After setting our camp up, we went down to the cook shelter to have our meal. We were sharing the shelter with the scouts. Our "boil in a bag" mashed potatoes and turkey with chocolate mousse for desert never tasted so good! After dinner it was off to bed. Two ways to sleep in the summer Alaska Sun? Either 1. wear eyepatches, or 2. hike 14+km, up and over a 1.2km high summit wearing a heavy pack. We slept well!

Day Four (Glen's birthday)

Unlike the plan, which called for us to up and eating breakfast at 6:00am, we slept in until 10:00. The sleep did Susan's cold well since it seemed to be better. It also was my birthday, and it sure felt good to be in no rush for this particular day. You couldn't ask for a better day. Unlike the rainy rain forest on the American side, the Canadian side had just beautiful weather! Susan gave me a cupcake with single candle to celebrate my birthday. Gift was a diet chocolote bar (not that I needed it to be diet), and a card. I was wished (and sung) Happy Birthday by various people including John and Jen, and Detlef and Kirsten. As we lazed around camp eating breakfast, we had some excitement in that there was a helicopter that came and went several times (dropping off and picking up garbage and other stuff). We were the last people to leave camp at about 12:20.

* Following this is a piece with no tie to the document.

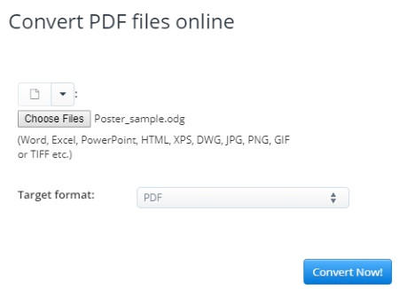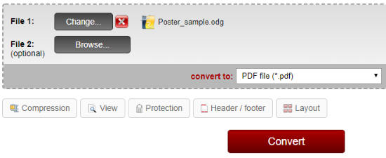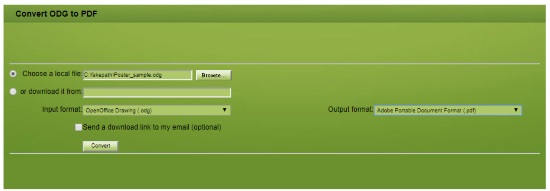 The website called Convert Files is an online ODG to PDF converter. When you open the mentioned link, it shows an interface of the converter. You can choose a file from your computer. Once the ODG file imported, you can choose the output format; PDF. There are other formats which you can choose such as PNG, JPG, SWF. When the files get converted, you can download the output of PDF file.

Leaving Happy Camp which is beside the river connecting Crater Lake to Long Lake, we went up the hill and were soon above Long Lake. We saw some fresh bear prints, but thankfully didn't see a bear (Kirsten and Detlef had supposedly seen one on day two). We were impressed by the beauty of the Deep Lake camp, which is just a few (four) kilometres past Happy Camp. It would have been nice to have stayed in the camp, but know that for most people (us included) the trip to Happy Camp is more than enough. We leapfrogged back and forth with Kirsten and Detlef throughout the day. We were impressed with the beauty of some of the canyons that had been cut by the raging river far below. Througout this day we probably saw the most historical items of any of the days on the trail. Every day we would see certain things like old cables, boots, etc. On this particular day we saw all the standard stuff, plus the remnants of a boat obviously left behind by a gold seeker, the remnants of a few shelters, quite a bit of interesting stuff. It's obvious why they call it the world's largest outdoor museum.

We reached Lindemann City Campground at about 4:45. Lindemann City actually has two campgrounds, while we were at the junction pondering which one to stay in, Kirsten and Detlef came up. Knowing that tomorrow we would have to be away early in order to make the train in time, we chose "Lower Lindemann" which would be five minutes closer to Bennett Lake. Kirsten and Detlef joined us at the Lower Lindemann site.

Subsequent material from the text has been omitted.